__REQUIRED ACTION__:
A full, word-for-word copy of the listing below is needed; leave the images out of it.

__DATASET__:
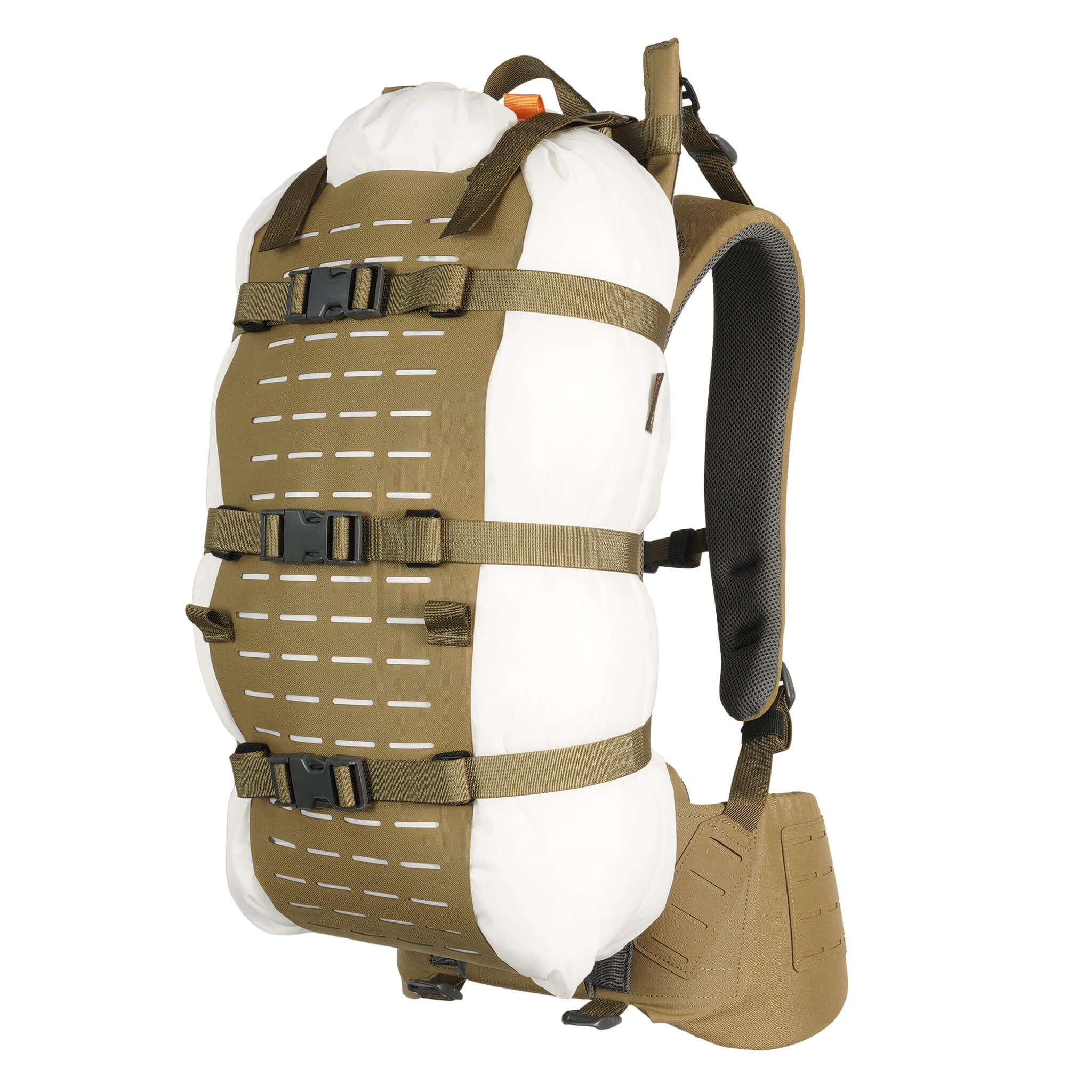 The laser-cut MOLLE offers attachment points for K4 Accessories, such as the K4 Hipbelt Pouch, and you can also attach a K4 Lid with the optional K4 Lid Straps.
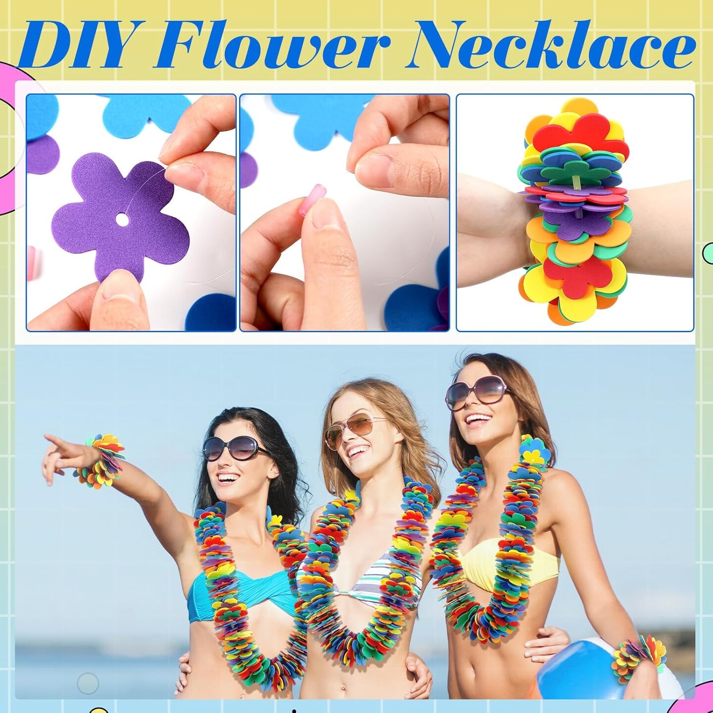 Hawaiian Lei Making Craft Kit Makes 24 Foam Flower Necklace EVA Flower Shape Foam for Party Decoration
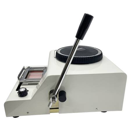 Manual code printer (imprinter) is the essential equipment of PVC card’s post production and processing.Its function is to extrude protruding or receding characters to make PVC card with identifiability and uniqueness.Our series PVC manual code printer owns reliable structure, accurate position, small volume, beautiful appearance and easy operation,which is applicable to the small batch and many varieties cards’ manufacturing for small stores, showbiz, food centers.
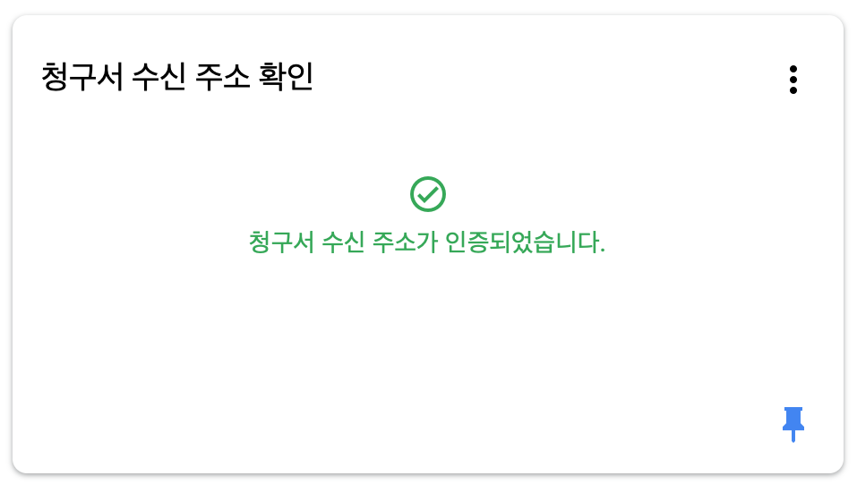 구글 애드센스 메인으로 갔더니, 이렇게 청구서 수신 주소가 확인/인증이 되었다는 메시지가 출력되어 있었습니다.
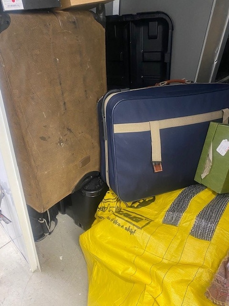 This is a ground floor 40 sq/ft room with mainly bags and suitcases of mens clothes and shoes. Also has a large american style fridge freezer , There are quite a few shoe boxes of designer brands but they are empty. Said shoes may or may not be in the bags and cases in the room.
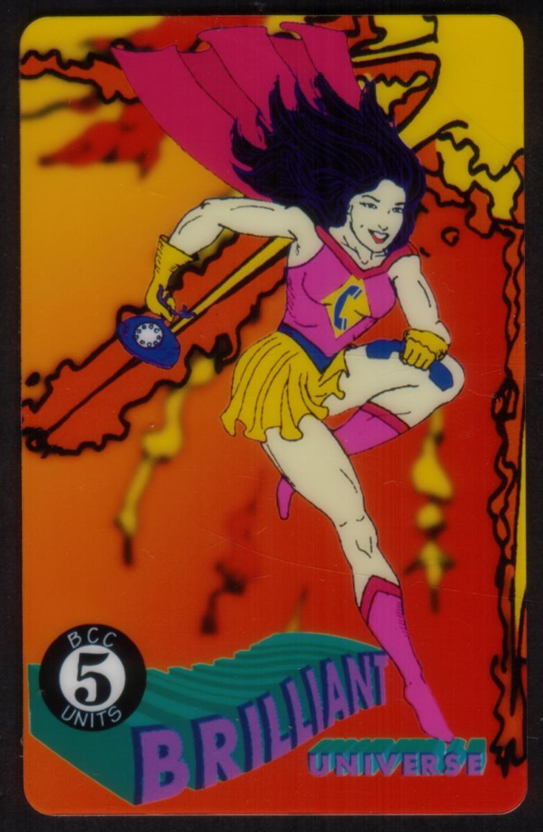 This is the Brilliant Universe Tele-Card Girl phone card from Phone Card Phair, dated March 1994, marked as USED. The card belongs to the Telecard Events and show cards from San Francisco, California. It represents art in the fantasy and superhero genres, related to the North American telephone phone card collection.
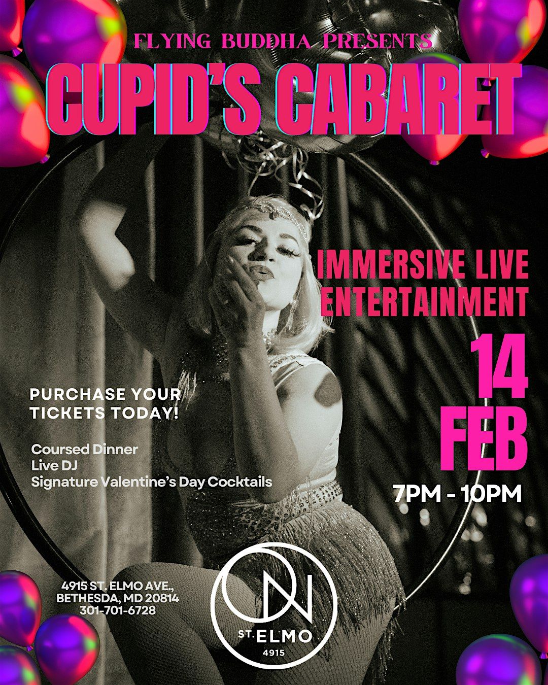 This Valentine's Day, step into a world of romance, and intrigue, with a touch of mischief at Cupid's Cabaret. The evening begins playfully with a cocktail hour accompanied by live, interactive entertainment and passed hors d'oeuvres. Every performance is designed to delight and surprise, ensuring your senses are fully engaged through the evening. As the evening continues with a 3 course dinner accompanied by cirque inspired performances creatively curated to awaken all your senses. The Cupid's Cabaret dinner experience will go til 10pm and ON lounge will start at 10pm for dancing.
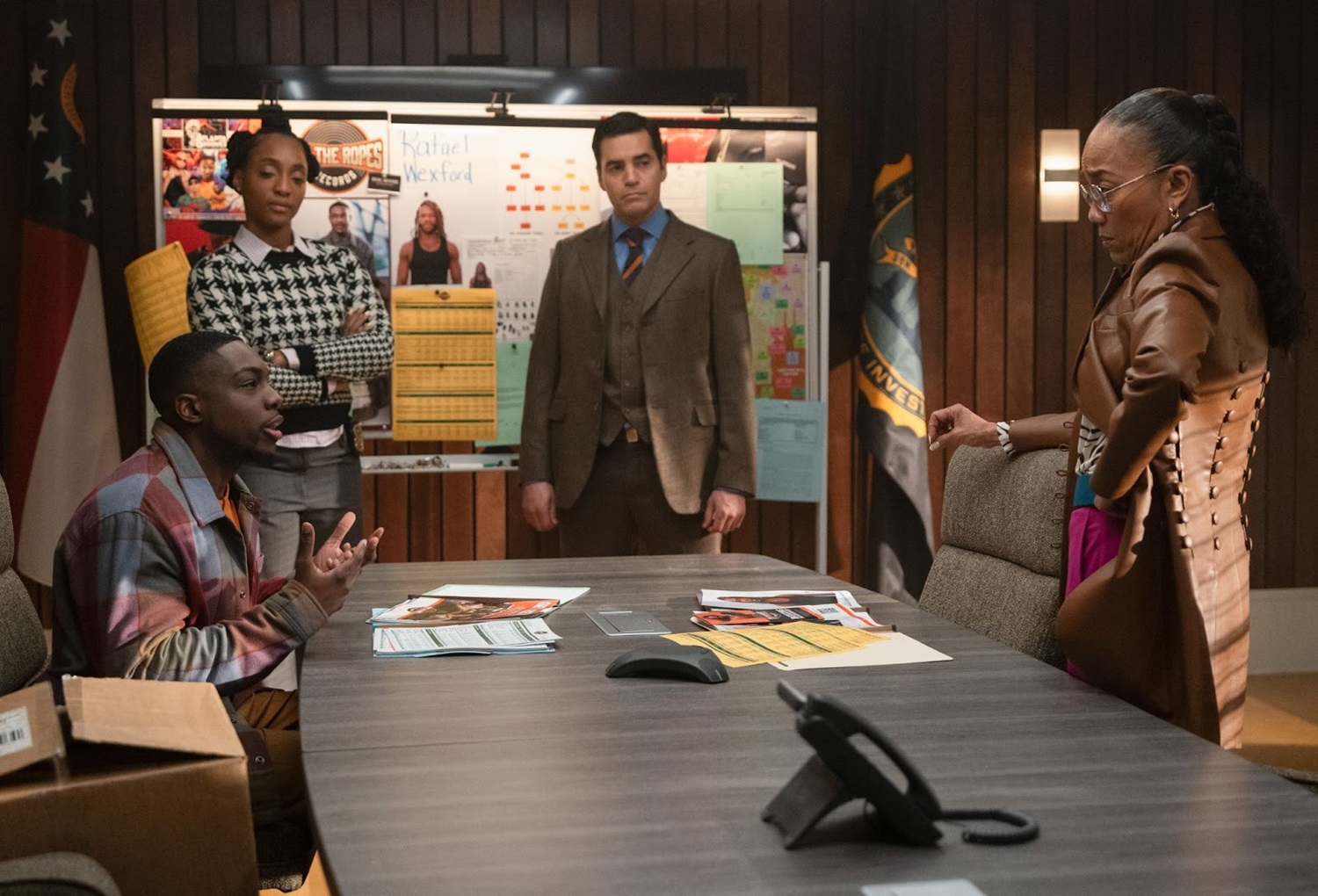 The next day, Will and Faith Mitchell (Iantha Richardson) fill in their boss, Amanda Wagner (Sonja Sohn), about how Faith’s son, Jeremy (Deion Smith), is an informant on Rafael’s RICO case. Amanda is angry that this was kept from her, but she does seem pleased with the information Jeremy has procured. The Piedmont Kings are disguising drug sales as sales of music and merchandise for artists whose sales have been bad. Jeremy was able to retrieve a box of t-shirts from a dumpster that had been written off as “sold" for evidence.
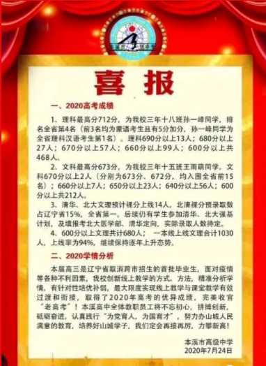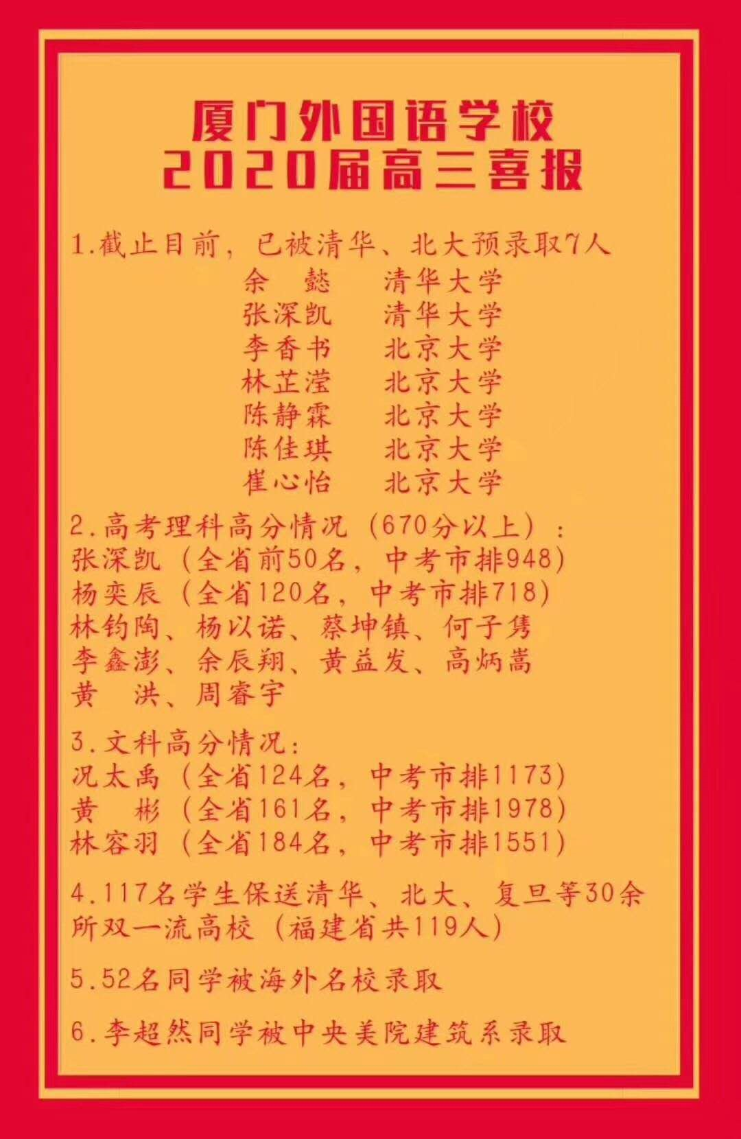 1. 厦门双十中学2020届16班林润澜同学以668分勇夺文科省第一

__EXPECTED OUTPUT__:
 The laser-cut MOLLE offers attachment points for K4 Accessories, such as the K4 Hipbelt Pouch, and you can also attach a K4 Lid with the optional K4 Lid Straps.
 Hawaiian Lei Making Craft Kit Makes 24 Foam Flower Necklace EVA Flower Shape Foam for Party Decoration
 Manual code printer (imprinter) is the essential equipment of PVC card’s post production and processing.Its function is to extrude protruding or receding characters to make PVC card with identifiability and uniqueness.Our series PVC manual code printer owns reliable structure, accurate position, small volume, beautiful appearance and easy operation,which is applicable to the small batch and many varieties cards’ manufacturing for small stores, showbiz, food centers.
 구글 애드센스 메인으로 갔더니, 이렇게 청구서 수신 주소가 확인/인증이 되었다는 메시지가 출력되어 있었습니다.
 This is a ground floor 40 sq/ft room with mainly bags and suitcases of mens clothes and shoes. Also has a large american style fridge freezer , There are quite a few shoe boxes of designer brands but they are empty. Said shoes may or may not be in the bags and cases in the room.
 This is the Brilliant Universe Tele-Card Girl phone card from Phone Card Phair, dated March 1994, marked as USED. The card belongs to the Telecard Events and show cards from San Francisco, California. It represents art in the fantasy and superhero genres, related to the North American telephone phone card collection.
 This Valentine's Day, step into a world of romance, and intrigue, with a touch of mischief at Cupid's Cabaret. The evening begins playfully with a cocktail hour accompanied by live, interactive entertainment and passed hors d'oeuvres. Every performance is designed to delight and surprise, ensuring your senses are fully engaged through the evening. As the evening continues with a 3 course dinner accompanied by cirque inspired performances creatively curated to awaken all your senses. The Cupid's Cabaret dinner experience will go til 10pm and ON lounge will start at 10pm for dancing.
 The next day, Will and Faith Mitchell (Iantha Richardson) fill in their boss, Amanda Wagner (Sonja Sohn), about how Faith’s son, Jeremy (Deion Smith), is an informant on Rafael’s RICO case. Amanda is angry that this was kept from her, but she does seem pleased with the information Jeremy has procured. The Piedmont Kings are disguising drug sales as sales of music and merchandise for artists whose sales have been bad. Jeremy was able to retrieve a box of t-shirts from a dumpster that had been written off as “sold" for evidence.
 1. 厦门双十中学2020届16班林润澜同学以668分勇夺文科省第一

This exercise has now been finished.